2019年03月02日 | 学年だよりなど

  学年だより「声かけ力(4)」


 岸田さんは、病床で心理カウンセラーの勉強をはじめた。
 リハビリもはじまった。リハビリのつらさに、病室で枕に顔を押しつけて泣く日もあったが、大好きなミスチルの歌を聞きながら、頑張り続けた。
 ある日、奈美さんがこんな提案をする。
「ママ、うちの会社で働いてみない? 研修サービスの講師をいま必要としているの」
 大勢の人の前で自分が話せるのだろうか、失敗して娘に迷惑をかけることにならないか……。
 不安にかられながらも、車椅子の社長、垣内俊哉さんにも勧められ、チャレンジすることにした。
 「私は岸田ひろ実と申します。ご覧の通り、車いすに乗っています。今日は私に起こった転機と気づきを、皆さんにお伝えしたいと思います」……
 原稿を間違えてないか、時間通りに進行しているかで頭のなかは一杯だ。
 周囲の反応を感じる余裕もなく、はじめての講演を終え、ホテルで泥のように眠る。
 翌日、参加者のある女性スタッフがかけよって岸田さんの涙ながらに手をにぎる。
「昨日のお話、感動しました。岸田さんにような方に喜んでもらえるお店を作ります!」
 つい自分ももらい泣きしながら、ずっと緊張していた神経が緩んでいく。
 その後、受け取った100枚以上のアンケートには、様々なメッセージが寄せられていた。

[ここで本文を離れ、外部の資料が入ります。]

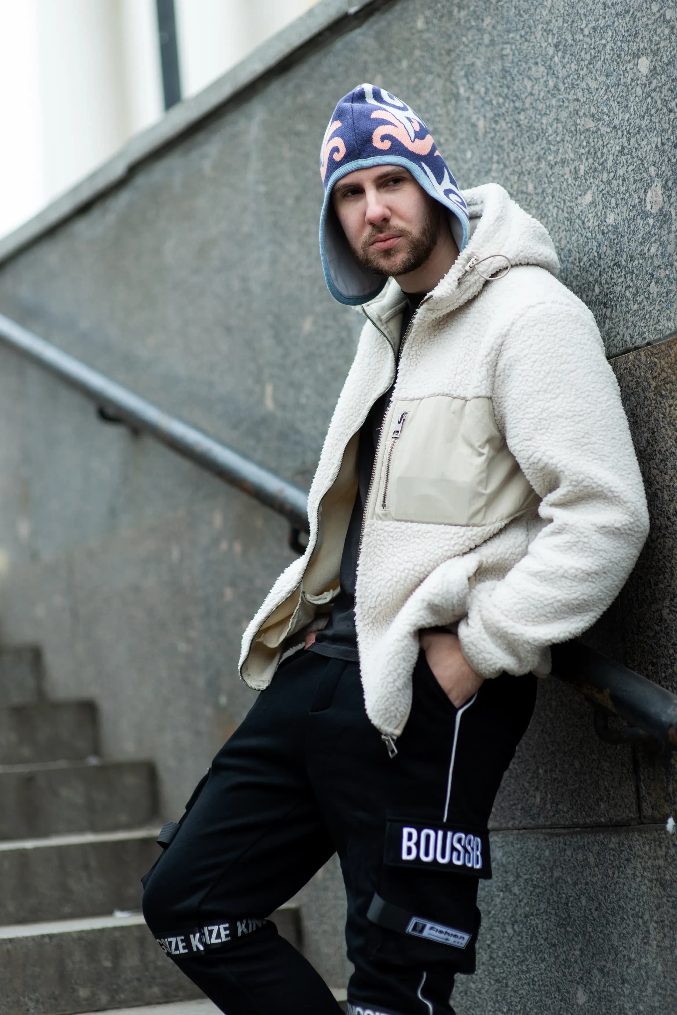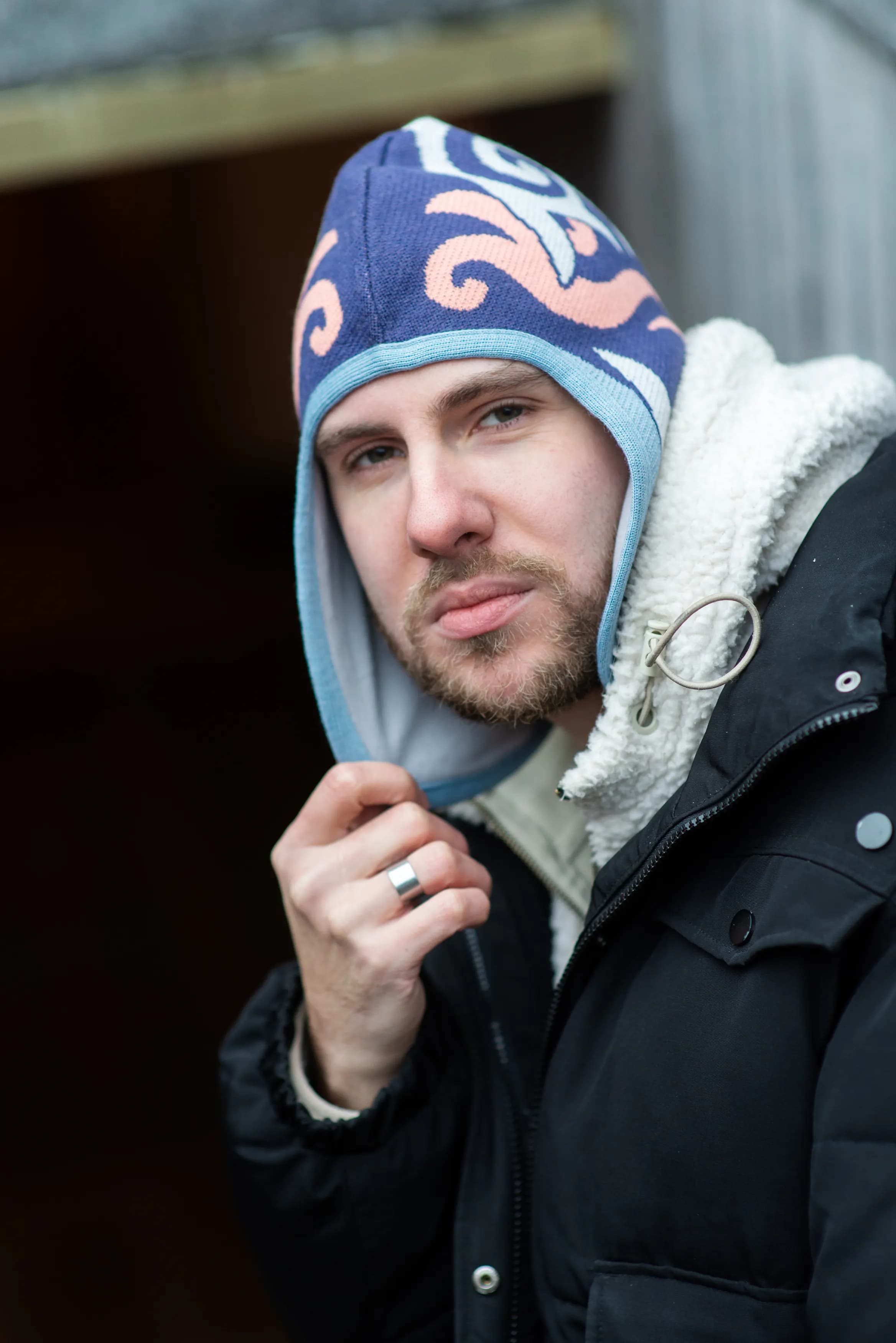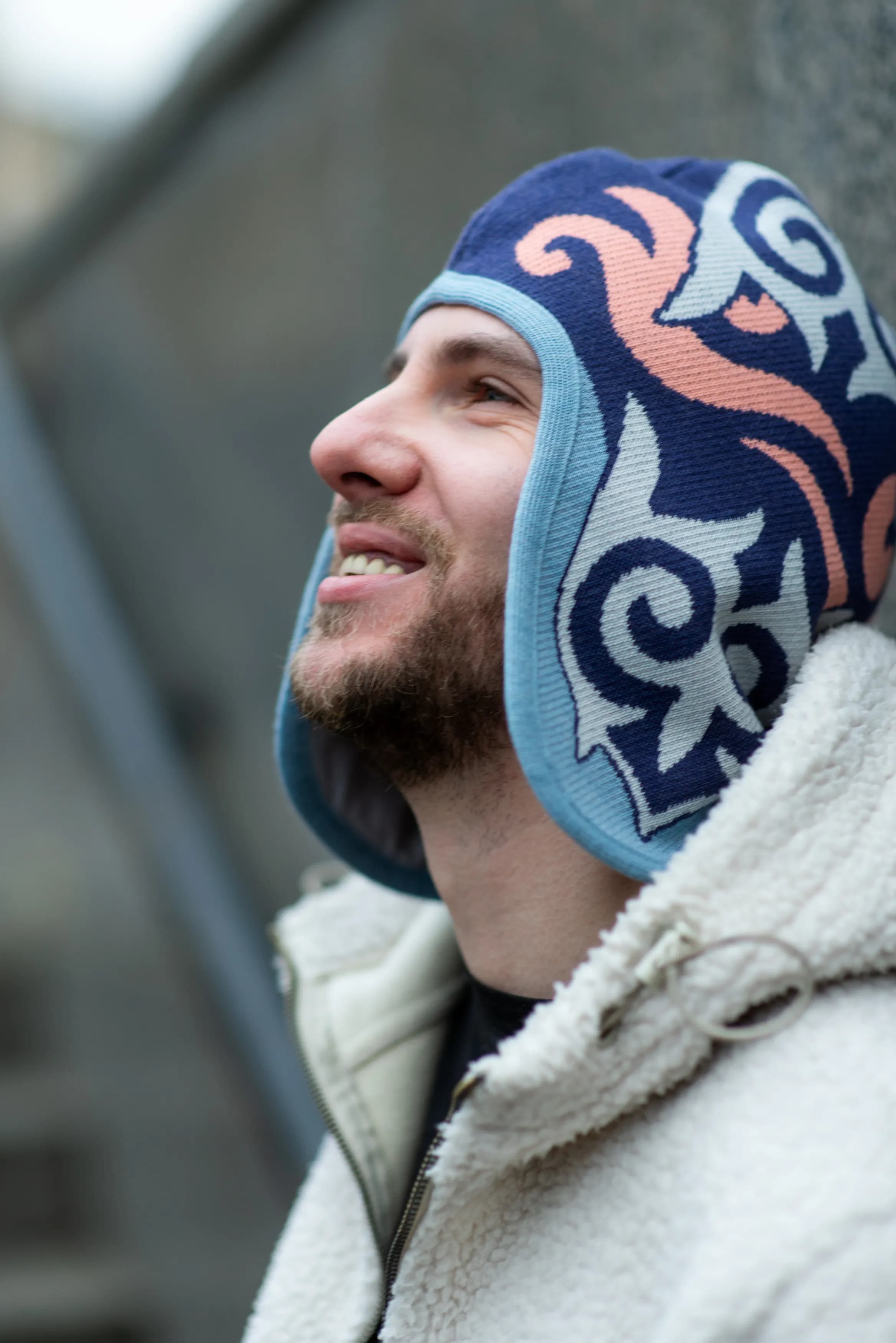 Юрюзань - дизайнерская балаклава с глубокой посадкой и формой шлема, в которой этно-минимализм получает строгую и собранную современную подачу. Темно-синий фон, голубые и бежевые акценты, светлая окантовка и чёткая симметрия создают образ вещи с сильным внутренним каркасом, рассчитанной на выразительные городские образы и осмысленный гардероб.
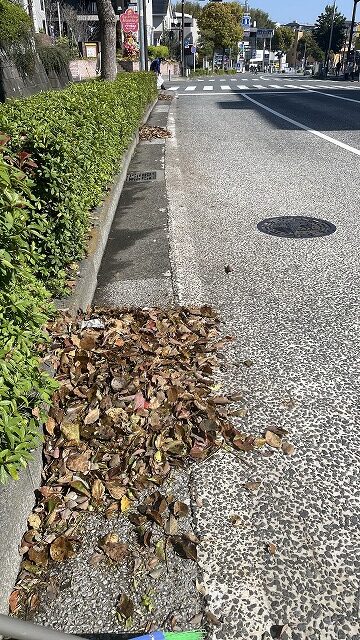 その雨風の余波で、我が横浜・港南台駅前も大量の落ち葉でした。
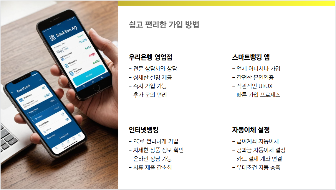 - 스마트뱅킹 앱 이용: 언제 어디서나 스마트폰으로 몇 번의 터치만으로 손쉽게 가입하실 수 있습니다.
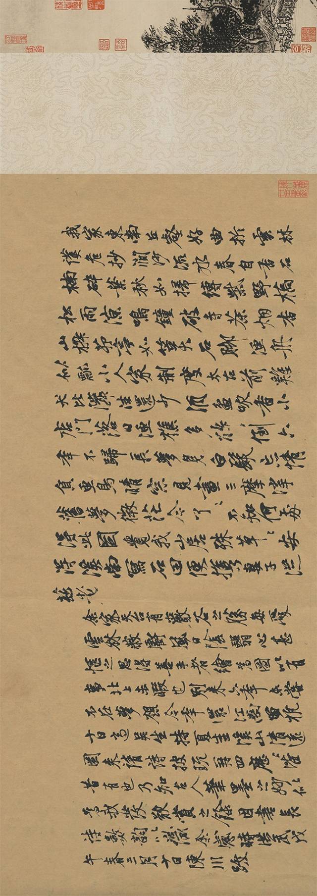 此幅卷首古松巨石,烟雾丘陵;平移而下,可见丛林掩映山庄,有农夫、僧人徐行;江水辽阔,远山空蒙,风帆点点;对岸突起悬崖危岩,树木森森。山外有木桥接岸,桥上有闲人谈话,桥下货船忙于装卸;桥边是村树篱舍,与近景相对处为水天苍茫,令人心旷神怡。漫步出村,又见烟波浩渺,茂林叠翠,奇峰突兀;山下巨石大树,浅溪木桥,平滩斜坡,过坡至山村茅蓬处则画卷终了。此画卷逶迤百里,使观者游目骋思而留连忘返。
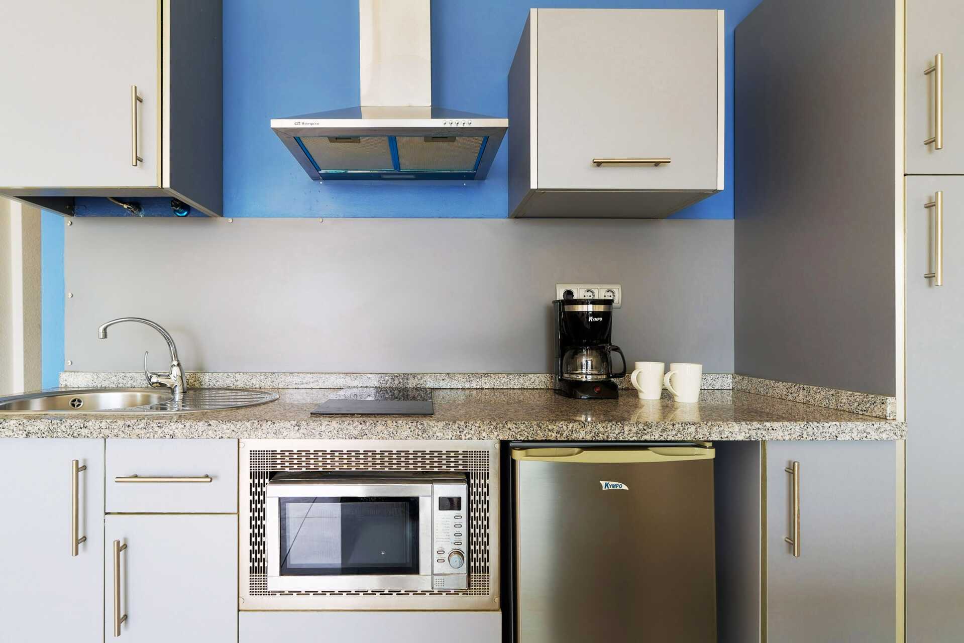 Tvårumslägenhet med balkong. Sovrum och kombinerat vardagsrum/minikök. Två enkelsänger. Möjlighet till extrabädd i bäddsoffa. Wifi ingår. Deponering mot avgift. Minikök med kokplattor, kylskåp, vattenkokare, kaffebryggare och enkel köksutrustning. Tv med internationella kanaler. Badrum med dusch och wc. Städning 2 ggr/vecka.
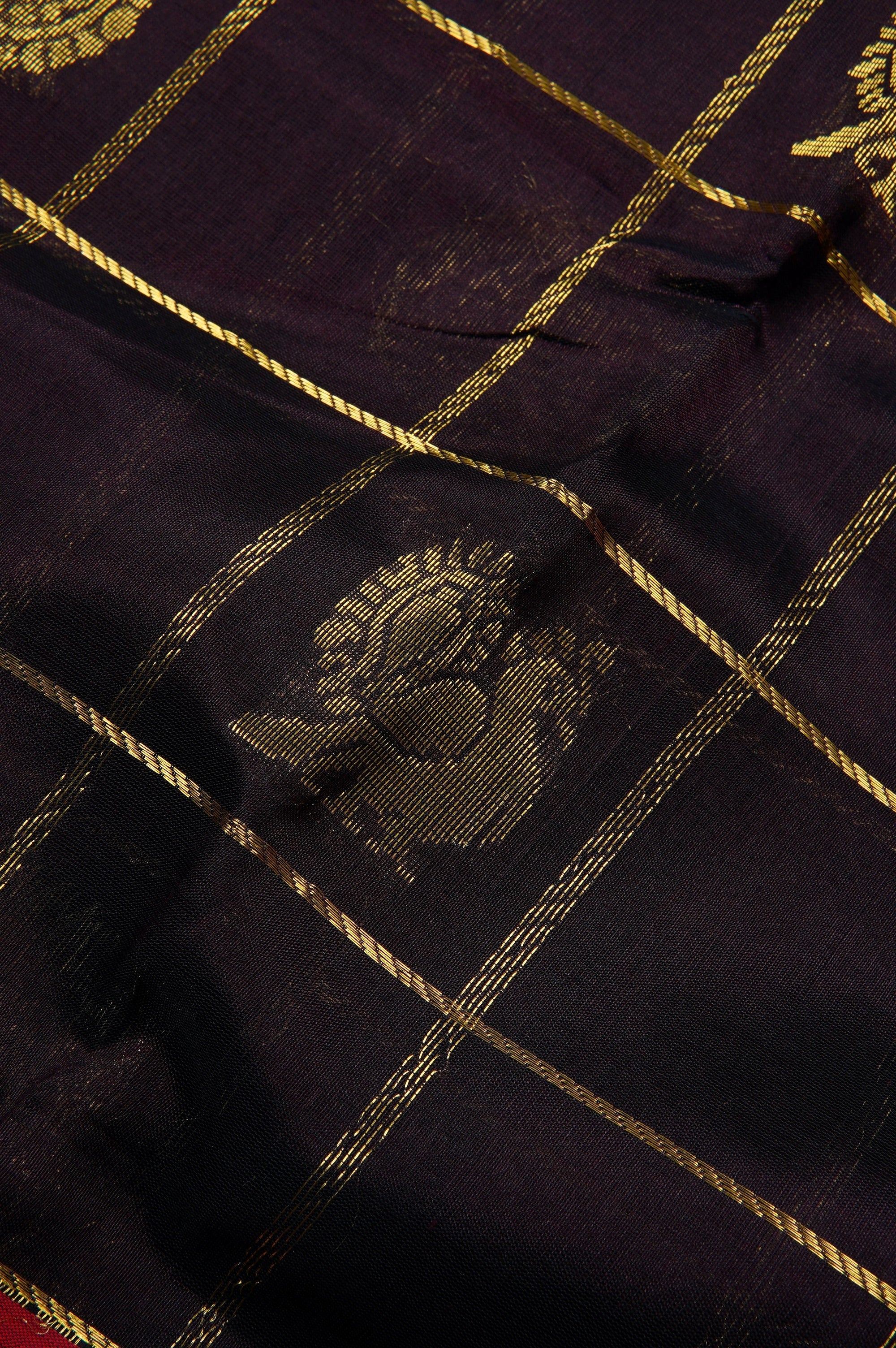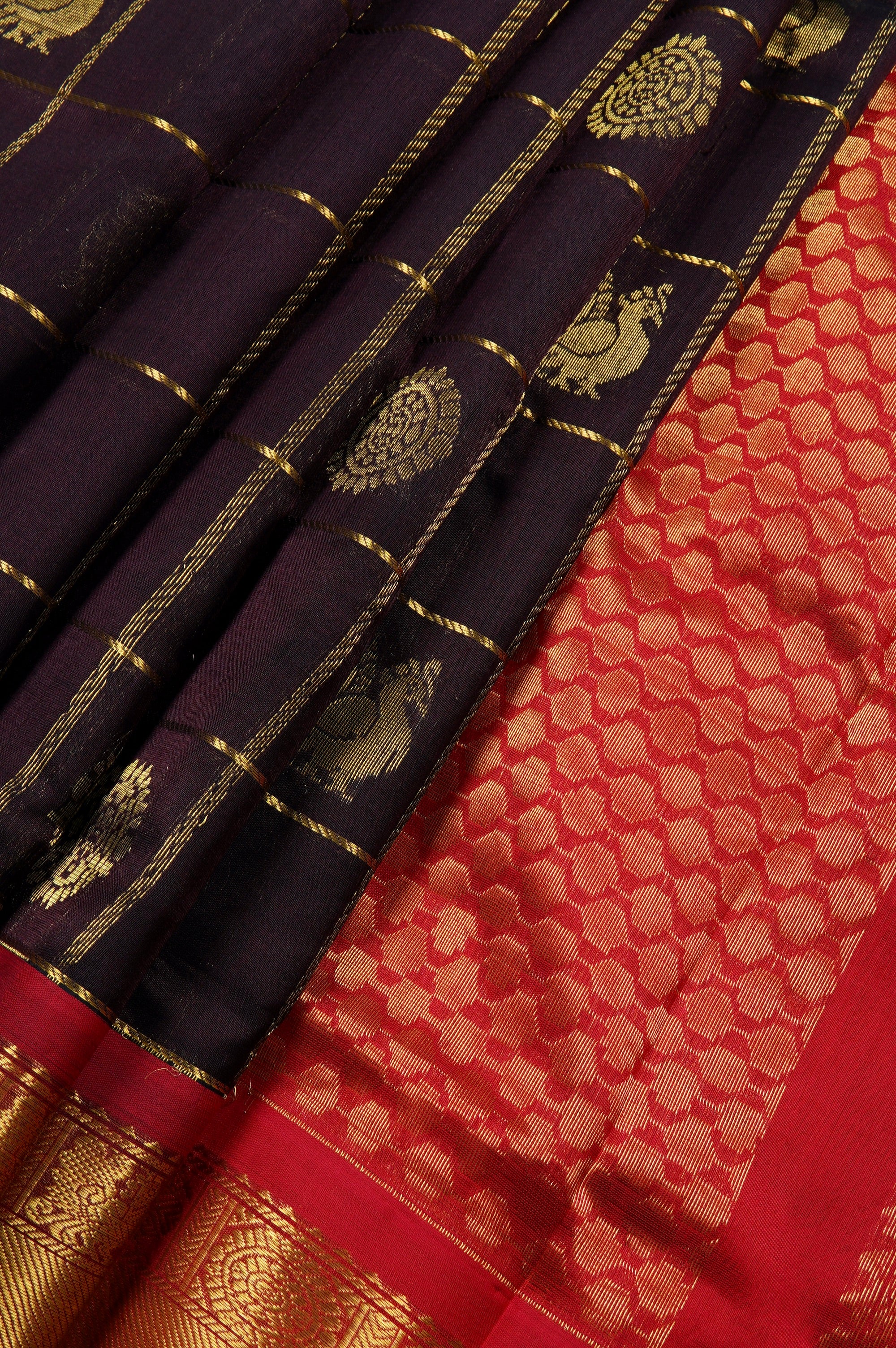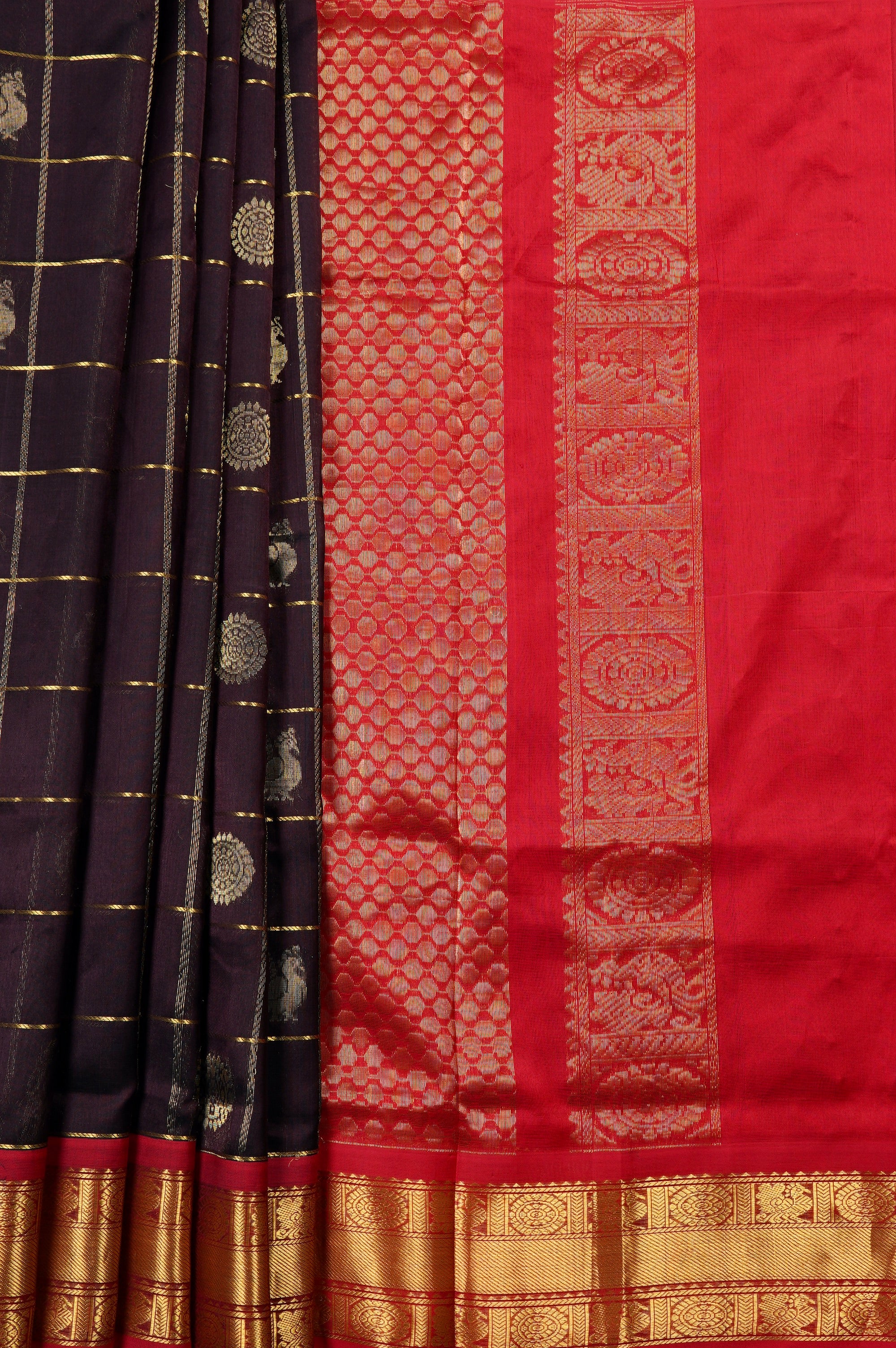 Previous NextExude traditional grandeur with this luxurious dark purple plum silk cotton saree. The rich, dark canvas is elegantly patterned with a classic gold zari check design, with the woven grid beautifully showcasing alternating gold floral chakram bhuttas and classic peacock bhuttas. This deep, regal body is strikingly framed by a contrasting bright red border that is heavily laden with intricate, traditional gold zari brocade work. The vibrant contrast continues seamlessly into the stunning red pallu, which features dense, opulent gold zari weaving, with a rich geometric lattice band alongside majestic peacock and floral band.

 ~ 「私にも娘がいるので感情移入しました。お話を開くことができて本当によかったです」
「車いすに乗っている人が困ることについて、よくわかりました。押し方のコツを直接教えてもらったので、自信を持って接客できそうです」
 帰りの新幹線の中で一枚一枚目を通して、また涙が溢れました。
 隣に座って心配そうに私を覗き込む奈美に向かって、言いました。
「今、車いすに乗っていて初めてよかったと思えたよ。こんな私でも必要としてくれる人たちがたくさんいるんだね」 「ママ……」
「私にこんな機会をつくってくれて、本当にありがとう。死なないでよかった。あなたのおかげだよ」そう伝えると、奈美の目はみるみるうちに潤んでいきました。 (岸田ひろ実『ママ、死にたいなら死んでもいいよ』致知出版社) ~


 「ママは2億パーセント大丈夫」という娘の言葉が本当になった瞬間だった。
 その後、正式に「ミライロ」の一員になり、全国をとびまわって活動する岸田さんが、講演や研修で伝えているのは、「さりげない気配り」だ。
 「無関心」か「過剰」が、日本人の独特の反応だと岸田さんは言う。気になっていながら、どうしていいかわからずに知らないフリをする「無関心」、親切心でいきなり車椅子を動かされて怖い思いをさせてしまう「過剰」……。
 まずは、気持ちを尋ねてみてほしいという。
 「何かお手伝いできることはありますか?」と。
 「何かお手伝いしましょか?……ゆーても僕、何したらええかわからんので教えてください」
 笑顔で声をかける小藪さんは、講師の側にいる岸田さんでさえ感動してしまう「声かけ」だった。